[Opening ENTRIES SHOWN section]
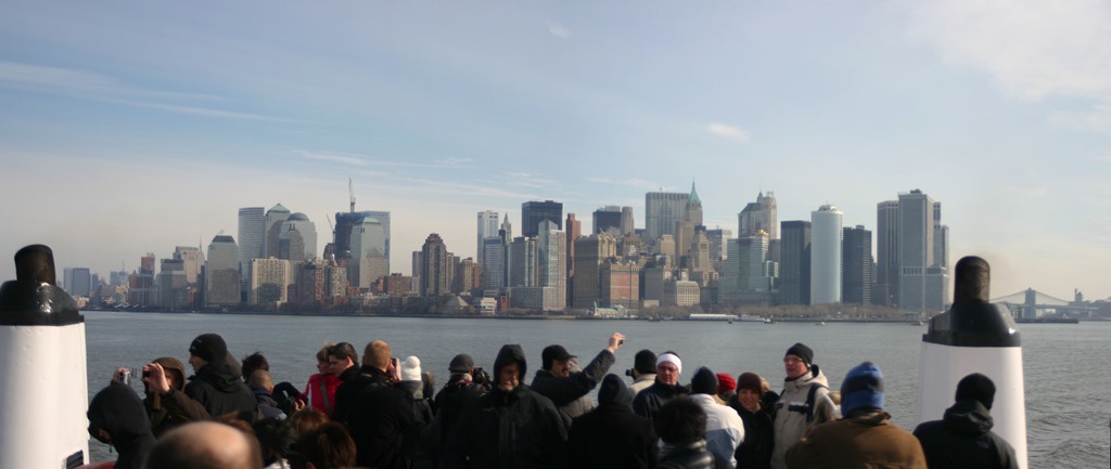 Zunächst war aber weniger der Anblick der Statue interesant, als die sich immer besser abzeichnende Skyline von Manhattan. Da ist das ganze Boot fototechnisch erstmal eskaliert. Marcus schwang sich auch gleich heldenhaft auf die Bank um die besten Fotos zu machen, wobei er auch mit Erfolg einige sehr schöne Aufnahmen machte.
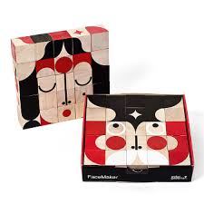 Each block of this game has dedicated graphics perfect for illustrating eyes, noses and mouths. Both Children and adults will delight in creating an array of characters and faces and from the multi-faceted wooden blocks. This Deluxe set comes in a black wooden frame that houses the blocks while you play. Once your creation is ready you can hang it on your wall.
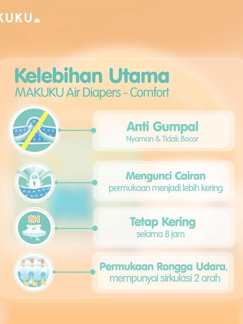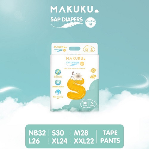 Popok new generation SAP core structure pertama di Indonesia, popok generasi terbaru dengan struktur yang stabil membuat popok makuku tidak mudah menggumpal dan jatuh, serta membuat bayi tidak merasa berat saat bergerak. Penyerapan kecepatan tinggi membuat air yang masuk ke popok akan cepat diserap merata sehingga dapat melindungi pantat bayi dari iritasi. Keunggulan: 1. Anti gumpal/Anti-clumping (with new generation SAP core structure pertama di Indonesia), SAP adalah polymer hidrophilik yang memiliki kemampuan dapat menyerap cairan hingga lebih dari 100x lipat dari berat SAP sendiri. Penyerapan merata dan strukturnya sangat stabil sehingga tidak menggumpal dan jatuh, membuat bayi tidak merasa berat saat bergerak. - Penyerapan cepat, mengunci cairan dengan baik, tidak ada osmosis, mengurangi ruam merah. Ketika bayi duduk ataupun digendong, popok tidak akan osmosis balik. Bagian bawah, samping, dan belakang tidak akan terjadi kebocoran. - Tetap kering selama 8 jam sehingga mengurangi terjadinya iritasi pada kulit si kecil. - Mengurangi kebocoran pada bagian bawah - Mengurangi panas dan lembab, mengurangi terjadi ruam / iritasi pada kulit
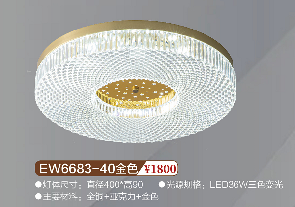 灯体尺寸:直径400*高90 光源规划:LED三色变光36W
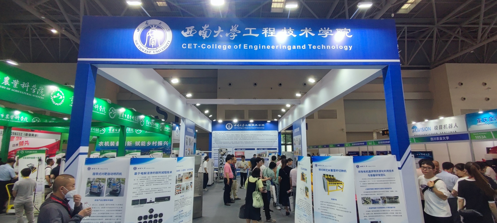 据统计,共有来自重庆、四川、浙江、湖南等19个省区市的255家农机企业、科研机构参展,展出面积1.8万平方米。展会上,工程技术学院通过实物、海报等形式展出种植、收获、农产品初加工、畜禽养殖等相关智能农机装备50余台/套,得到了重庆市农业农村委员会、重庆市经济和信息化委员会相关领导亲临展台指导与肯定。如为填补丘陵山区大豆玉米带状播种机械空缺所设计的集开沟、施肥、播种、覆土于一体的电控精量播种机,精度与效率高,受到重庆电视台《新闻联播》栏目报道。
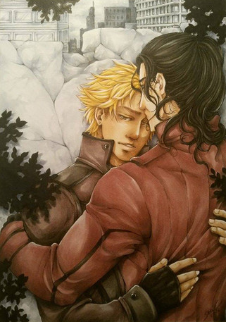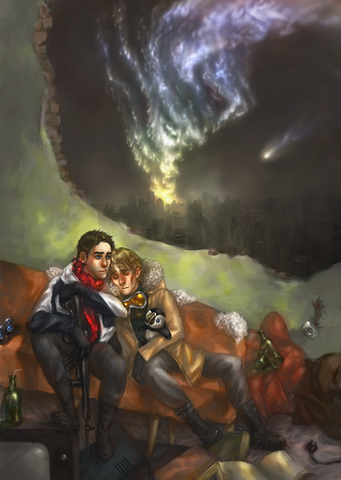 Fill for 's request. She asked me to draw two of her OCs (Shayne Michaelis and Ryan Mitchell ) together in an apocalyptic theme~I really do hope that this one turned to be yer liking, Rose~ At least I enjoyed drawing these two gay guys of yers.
[Closing ENTRIES SHOWN section]
## WHAT IS EXPECTED
Word for word, set down every line of the records above, and leave the pictures out.

## RESPONSE FOR THIS EXERCISE
 Zunächst war aber weniger der Anblick der Statue interesant, als die sich immer besser abzeichnende Skyline von Manhattan. Da ist das ganze Boot fototechnisch erstmal eskaliert. Marcus schwang sich auch gleich heldenhaft auf die Bank um die besten Fotos zu machen, wobei er auch mit Erfolg einige sehr schöne Aufnahmen machte.
 Each block of this game has dedicated graphics perfect for illustrating eyes, noses and mouths. Both Children and adults will delight in creating an array of characters and faces and from the multi-faceted wooden blocks. This Deluxe set comes in a black wooden frame that houses the blocks while you play. Once your creation is ready you can hang it on your wall.
 Popok new generation SAP core structure pertama di Indonesia, popok generasi terbaru dengan struktur yang stabil membuat popok makuku tidak mudah menggumpal dan jatuh, serta membuat bayi tidak merasa berat saat bergerak. Penyerapan kecepatan tinggi membuat air yang masuk ke popok akan cepat diserap merata sehingga dapat melindungi pantat bayi dari iritasi. Keunggulan: 1. Anti gumpal/Anti-clumping (with new generation SAP core structure pertama di Indonesia), SAP adalah polymer hidrophilik yang memiliki kemampuan dapat menyerap cairan hingga lebih dari 100x lipat dari berat SAP sendiri. Penyerapan merata dan strukturnya sangat stabil sehingga tidak menggumpal dan jatuh, membuat bayi tidak merasa berat saat bergerak. - Penyerapan cepat, mengunci cairan dengan baik, tidak ada osmosis, mengurangi ruam merah. Ketika bayi duduk ataupun digendong, popok tidak akan osmosis balik. Bagian bawah, samping, dan belakang tidak akan terjadi kebocoran. - Tetap kering selama 8 jam sehingga mengurangi terjadinya iritasi pada kulit si kecil. - Mengurangi kebocoran pada bagian bawah - Mengurangi panas dan lembab, mengurangi terjadi ruam / iritasi pada kulit
 灯体尺寸:直径400*高90 光源规划:LED三色变光36W
 据统计,共有来自重庆、四川、浙江、湖南等19个省区市的255家农机企业、科研机构参展,展出面积1.8万平方米。展会上,工程技术学院通过实物、海报等形式展出种植、收获、农产品初加工、畜禽养殖等相关智能农机装备50余台/套,得到了重庆市农业农村委员会、重庆市经济和信息化委员会相关领导亲临展台指导与肯定。如为填补丘陵山区大豆玉米带状播种机械空缺所设计的集开沟、施肥、播种、覆土于一体的电控精量播种机,精度与效率高,受到重庆电视台《新闻联播》栏目报道。
 Fill for 's request. She asked me to draw two of her OCs (Shayne Michaelis and Ryan Mitchell ) together in an apocalyptic theme~I really do hope that this one turned to be yer liking, Rose~ At least I enjoyed drawing these two gay guys of yers.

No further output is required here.